About this exercise
Find the line below with "Deze stijlvolle light" and the line with "在車輛的輔助安全技術評估環節". Output them and the lines between, exactly, but not the pictures.
══ Provided information ══
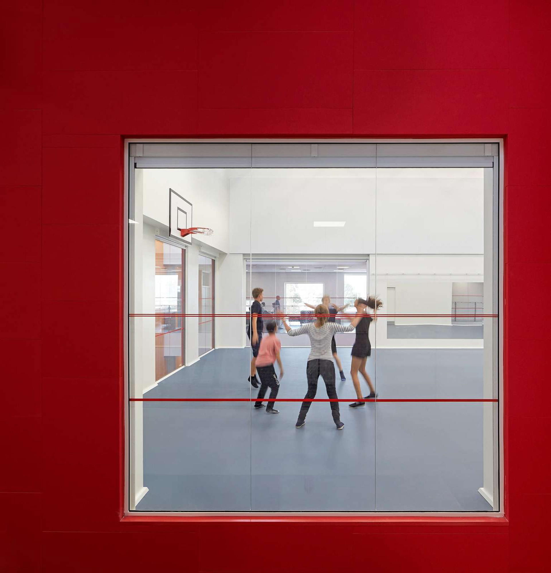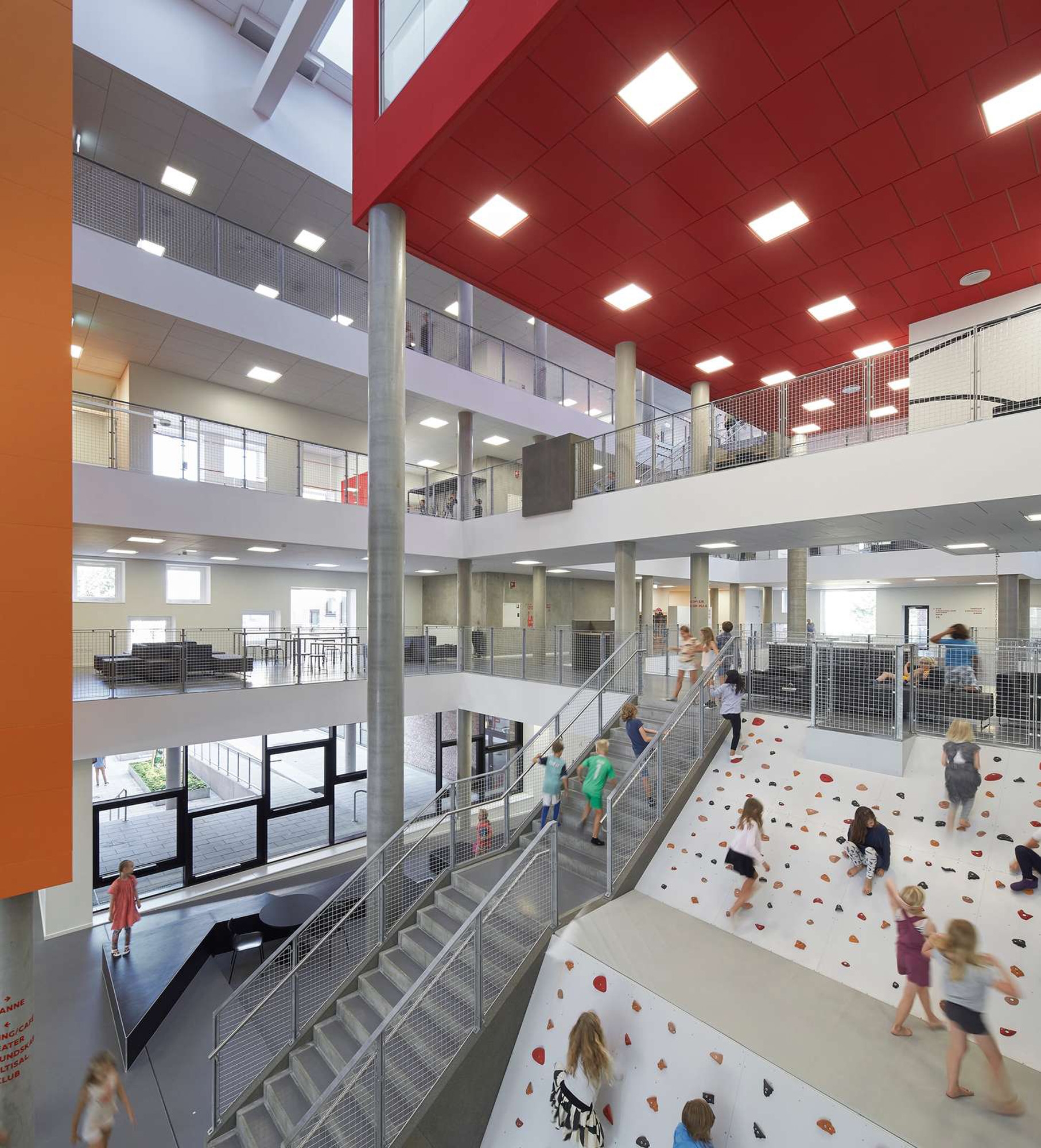 Inside the building the colors and materials support the orientation and logistics of the school. Two halls which almost float in the atrium are covered with red and orange acoustic tiles and three big wall paintings wrap themselves around the detached group rooms.
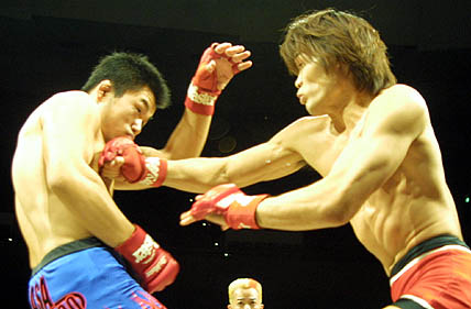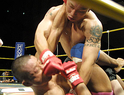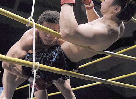 ただプロレスチックなのはここまでで、タッチワークなどは淡泊なもの。相手が変わればこちらも変わるといった感じで、マッハ、國奥にするりと入れ替わってしまう。もともとこの二人は某道場で手合わせもあった組み合わせで手堅いレスリングムーブは、手のうちの分かったもの同志という感触もないではない。
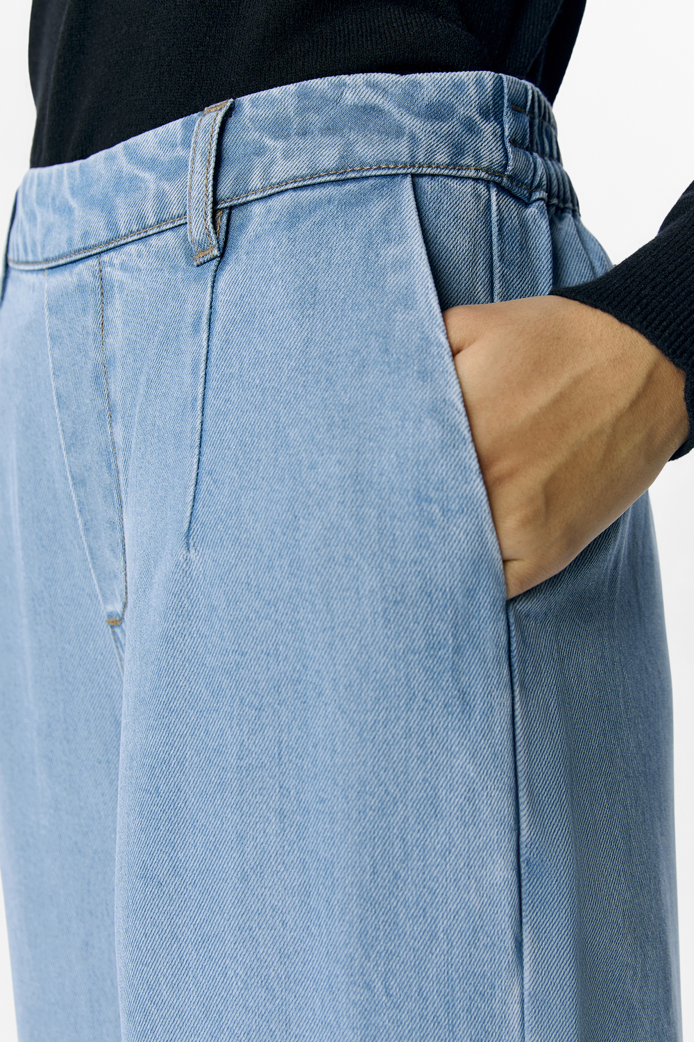 Deze stijlvolle light blue denim broeken van Object zijn een perfecte aanvulling op je lentegarderobe. De wide leg pasvorm en de regular waist zorgen voor een comfortabele en modieus nonchalante look. Gemaakt van 100% Lyocell, biedt deze broek een luxueus zacht gevoel en valt soepel om het lichaam. De bleached wash geeft het een frisse uitstraling die makkelijk te combineren is met diverse stijlen. De elastische boord draagt bij aan het draagcomfort, terwijl de subtiele steekzakken een praktisch element aanbrengen.
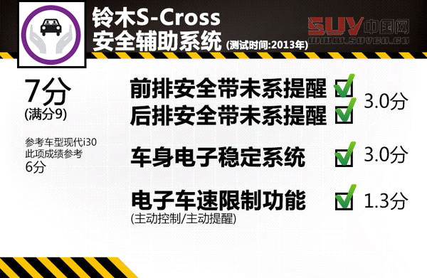 在車輛的輔助安全技術評估環節中,車速限制、ESP車身穩定系統以及安全帶未系提示都是其評估項目,每項裝配技術都將決定最終分值的高低。鈴木S-Cross的上述4項安全輔助系統都是標準配置。此項測試滿分為9分,S-Cross的成績為7分,比現代i30的成績高出1分。
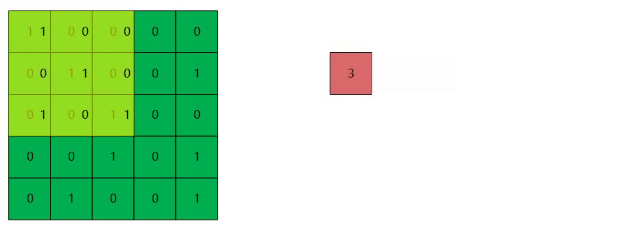 然后将卷积核从输入图中向右移动一步,在进行相乘和相加操作,得到特征图的第二个值:, 依次进行该操作,就可以得出特征图的所有值了,下面的动图很清晰的描述了卷积计算过程。
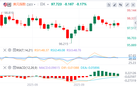 本周,美元整体表现疲软,自上周高点回落,拖累美元指数(DXY)下滑至97.50区域附近,不过仍在8月初以来更广泛的整合区间内波动。交易者预期美联储(Fed)将进一步降息,给美元带来下行压力,而美国联邦政府停摆又增添了不确定性,使市场对美元的情绪愈发悲观。债券市场方面,国债收益率大部分时间呈下滑态势,仅在周末前有所回升。
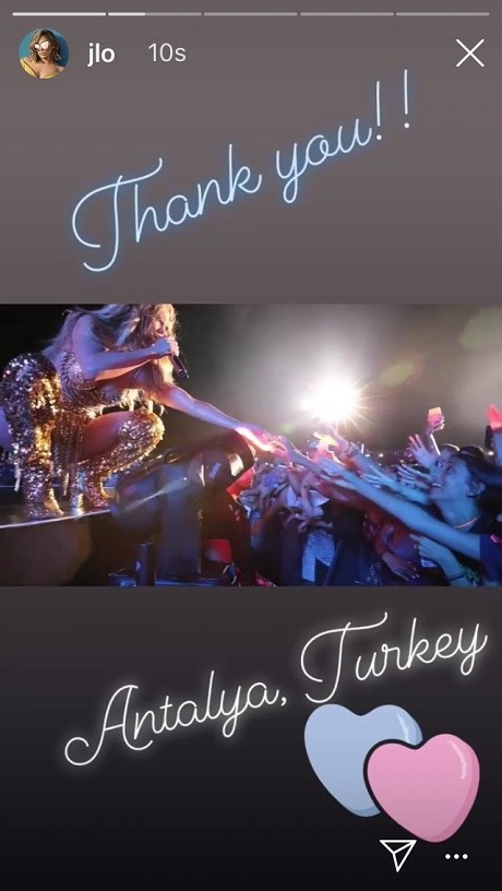 Haber Merkezi – Antalya'da konser veren dünyaca ünlü ABD’li şarkıcı Jennifer Lopez, sosyal medya üzerinden, Türkiye ve Antalya’ya teşekkür ederek “Dün gece Türkiye'de güzel gösteri” ifadelerini kullandı.
═══
Answer area
 Deze stijlvolle light blue denim broeken van Object zijn een perfecte aanvulling op je lentegarderobe. De wide leg pasvorm en de regular waist zorgen voor een comfortabele en modieus nonchalante look. Gemaakt van 100% Lyocell, biedt deze broek een luxueus zacht gevoel en valt soepel om het lichaam. De bleached wash geeft het een frisse uitstraling die makkelijk te combineren is met diverse stijlen. De elastische boord draagt bij aan het draagcomfort, terwijl de subtiele steekzakken een praktisch element aanbrengen.
 在車輛的輔助安全技術評估環節中,車速限制、ESP車身穩定系統以及安全帶未系提示都是其評估項目,每項裝配技術都將決定最終分值的高低。鈴木S-Cross的上述4項安全輔助系統都是標準配置。此項測試滿分為9分,S-Cross的成績為7分,比現代i30的成績高出1分。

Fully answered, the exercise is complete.